> **WHAT YOU NEED TO DO**
Print the data below verbatim, minus images.

> **COLLECTED DATA**
····················
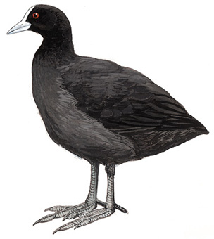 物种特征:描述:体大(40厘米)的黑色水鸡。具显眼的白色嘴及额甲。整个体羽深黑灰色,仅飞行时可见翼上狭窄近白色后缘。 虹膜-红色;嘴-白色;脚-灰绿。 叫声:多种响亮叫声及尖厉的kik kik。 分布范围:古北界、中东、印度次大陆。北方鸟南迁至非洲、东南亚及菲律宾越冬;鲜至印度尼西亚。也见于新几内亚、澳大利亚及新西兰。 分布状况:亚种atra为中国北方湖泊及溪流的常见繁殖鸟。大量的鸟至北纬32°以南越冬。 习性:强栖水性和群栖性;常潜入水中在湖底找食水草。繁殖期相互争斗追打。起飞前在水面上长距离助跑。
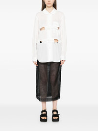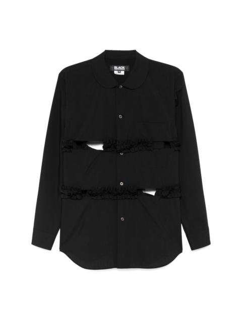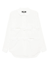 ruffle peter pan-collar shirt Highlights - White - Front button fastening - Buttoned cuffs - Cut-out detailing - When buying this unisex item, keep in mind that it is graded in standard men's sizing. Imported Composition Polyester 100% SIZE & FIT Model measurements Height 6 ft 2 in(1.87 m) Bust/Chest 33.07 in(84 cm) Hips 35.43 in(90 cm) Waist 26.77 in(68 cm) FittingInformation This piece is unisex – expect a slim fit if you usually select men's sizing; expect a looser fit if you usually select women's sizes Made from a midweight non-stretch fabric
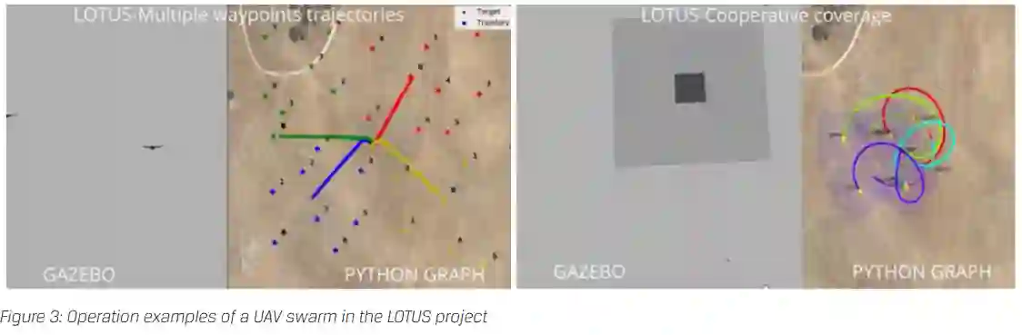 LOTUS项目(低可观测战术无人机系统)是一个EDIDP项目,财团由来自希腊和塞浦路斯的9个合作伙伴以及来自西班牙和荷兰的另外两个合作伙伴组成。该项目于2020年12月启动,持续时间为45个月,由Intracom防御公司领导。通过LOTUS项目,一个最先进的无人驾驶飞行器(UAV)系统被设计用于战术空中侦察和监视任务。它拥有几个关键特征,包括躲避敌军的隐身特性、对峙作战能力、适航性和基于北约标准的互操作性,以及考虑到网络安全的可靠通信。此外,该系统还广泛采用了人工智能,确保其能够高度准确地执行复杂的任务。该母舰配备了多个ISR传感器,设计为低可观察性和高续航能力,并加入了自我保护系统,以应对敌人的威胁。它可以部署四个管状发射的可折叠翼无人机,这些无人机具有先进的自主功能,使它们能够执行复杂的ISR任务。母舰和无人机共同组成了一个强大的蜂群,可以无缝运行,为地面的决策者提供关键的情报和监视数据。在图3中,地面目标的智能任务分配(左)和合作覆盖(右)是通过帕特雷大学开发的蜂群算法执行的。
····················
> **OUTPUT FOR THIS TASK**
 物种特征:描述:体大(40厘米)的黑色水鸡。具显眼的白色嘴及额甲。整个体羽深黑灰色,仅飞行时可见翼上狭窄近白色后缘。 虹膜-红色;嘴-白色;脚-灰绿。 叫声:多种响亮叫声及尖厉的kik kik。 分布范围:古北界、中东、印度次大陆。北方鸟南迁至非洲、东南亚及菲律宾越冬;鲜至印度尼西亚。也见于新几内亚、澳大利亚及新西兰。 分布状况:亚种atra为中国北方湖泊及溪流的常见繁殖鸟。大量的鸟至北纬32°以南越冬。 习性:强栖水性和群栖性;常潜入水中在湖底找食水草。繁殖期相互争斗追打。起飞前在水面上长距离助跑。
 ruffle peter pan-collar shirt Highlights - White - Front button fastening - Buttoned cuffs - Cut-out detailing - When buying this unisex item, keep in mind that it is graded in standard men's sizing. Imported Composition Polyester 100% SIZE & FIT Model measurements Height 6 ft 2 in(1.87 m) Bust/Chest 33.07 in(84 cm) Hips 35.43 in(90 cm) Waist 26.77 in(68 cm) FittingInformation This piece is unisex – expect a slim fit if you usually select men's sizing; expect a looser fit if you usually select women's sizes Made from a midweight non-stretch fabric
 LOTUS项目(低可观测战术无人机系统)是一个EDIDP项目,财团由来自希腊和塞浦路斯的9个合作伙伴以及来自西班牙和荷兰的另外两个合作伙伴组成。该项目于2020年12月启动,持续时间为45个月,由Intracom防御公司领导。通过LOTUS项目,一个最先进的无人驾驶飞行器(UAV)系统被设计用于战术空中侦察和监视任务。它拥有几个关键特征,包括躲避敌军的隐身特性、对峙作战能力、适航性和基于北约标准的互操作性,以及考虑到网络安全的可靠通信。此外,该系统还广泛采用了人工智能,确保其能够高度准确地执行复杂的任务。该母舰配备了多个ISR传感器,设计为低可观察性和高续航能力,并加入了自我保护系统,以应对敌人的威胁。它可以部署四个管状发射的可折叠翼无人机,这些无人机具有先进的自主功能,使它们能够执行复杂的ISR任务。母舰和无人机共同组成了一个强大的蜂群,可以无缝运行,为地面的决策者提供关键的情报和监视数据。在图3中,地面目标的智能任务分配(左)和合作覆盖(右)是通过帕特雷大学开发的蜂群算法执行的。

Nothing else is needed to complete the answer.